**Collected material:**
== Segment start ==

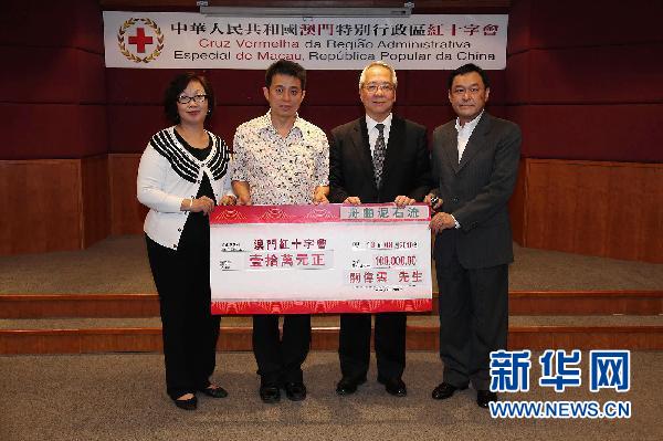 8月13日,澳門市民關(guān)偉霖向澳門紅十字會捐贈10萬澳門元,援助甘肅舟曲受災群眾。截至當日,澳門紅十字會共收到澳門社會各界向舟曲災區(qū)的捐款373.06萬澳門元。 新華社發(fā) (張金加攝)
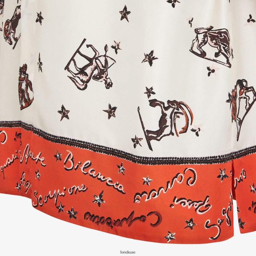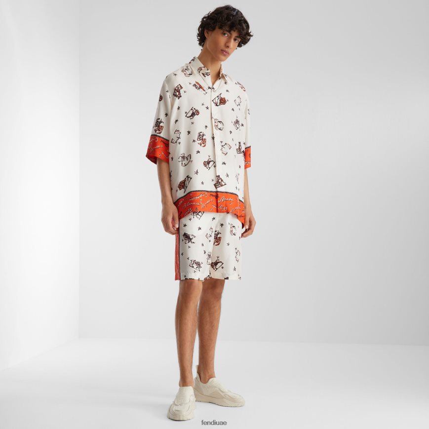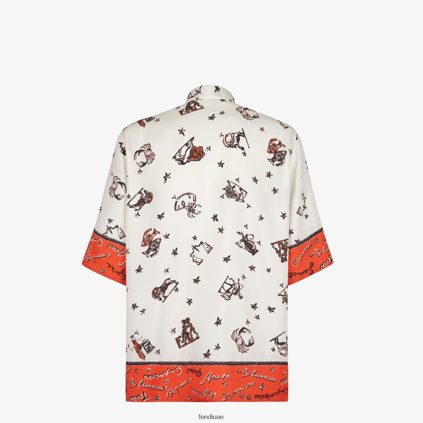 قميص كبير الحجم بياقة على الطراز الإيطالي وأكمام قصيرة. إبزيم بزر مخفي. مصنوع من الحرير الأبيض والبرتقالي. تم تخصيصه بطبعة علم التنجيم من فندي على كامل التصميم.
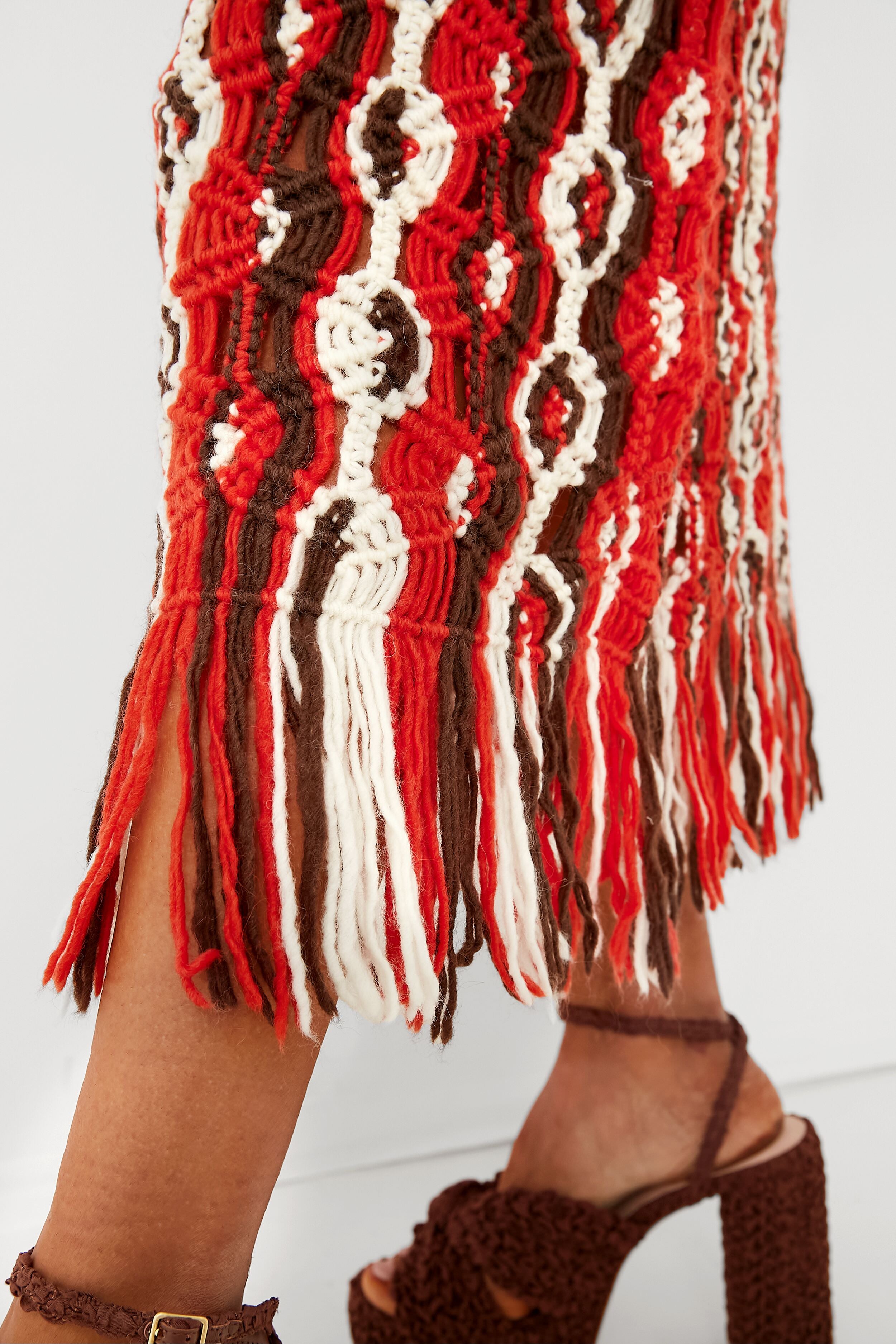 The spirited Drew Skirt is a crowd pleaser and it's all in the details! Made with hand crochet macrame and a fiery red hue. this multi colored knit skirt is the ultimate addition to your wardrobe. Spice up any outfit with this midi by styling with a cropped white tee and strappy sandals for on-the-go or pair with the matching top for an iconic set moment.

== Segment end ==

**Assignment:** Restate all of the data word for word and include no pictures.

**Reply to the exercise:**
 8月13日,澳門市民關(guān)偉霖向澳門紅十字會捐贈10萬澳門元,援助甘肅舟曲受災群眾。截至當日,澳門紅十字會共收到澳門社會各界向舟曲災區(qū)的捐款373.06萬澳門元。 新華社發(fā) (張金加攝)
 قميص كبير الحجم بياقة على الطراز الإيطالي وأكمام قصيرة. إبزيم بزر مخفي. مصنوع من الحرير الأبيض والبرتقالي. تم تخصيصه بطبعة علم التنجيم من فندي على كامل التصميم.
 The spirited Drew Skirt is a crowd pleaser and it's all in the details! Made with hand crochet macrame and a fiery red hue. this multi colored knit skirt is the ultimate addition to your wardrobe. Spice up any outfit with this midi by styling with a cropped white tee and strappy sandals for on-the-go or pair with the matching top for an iconic set moment.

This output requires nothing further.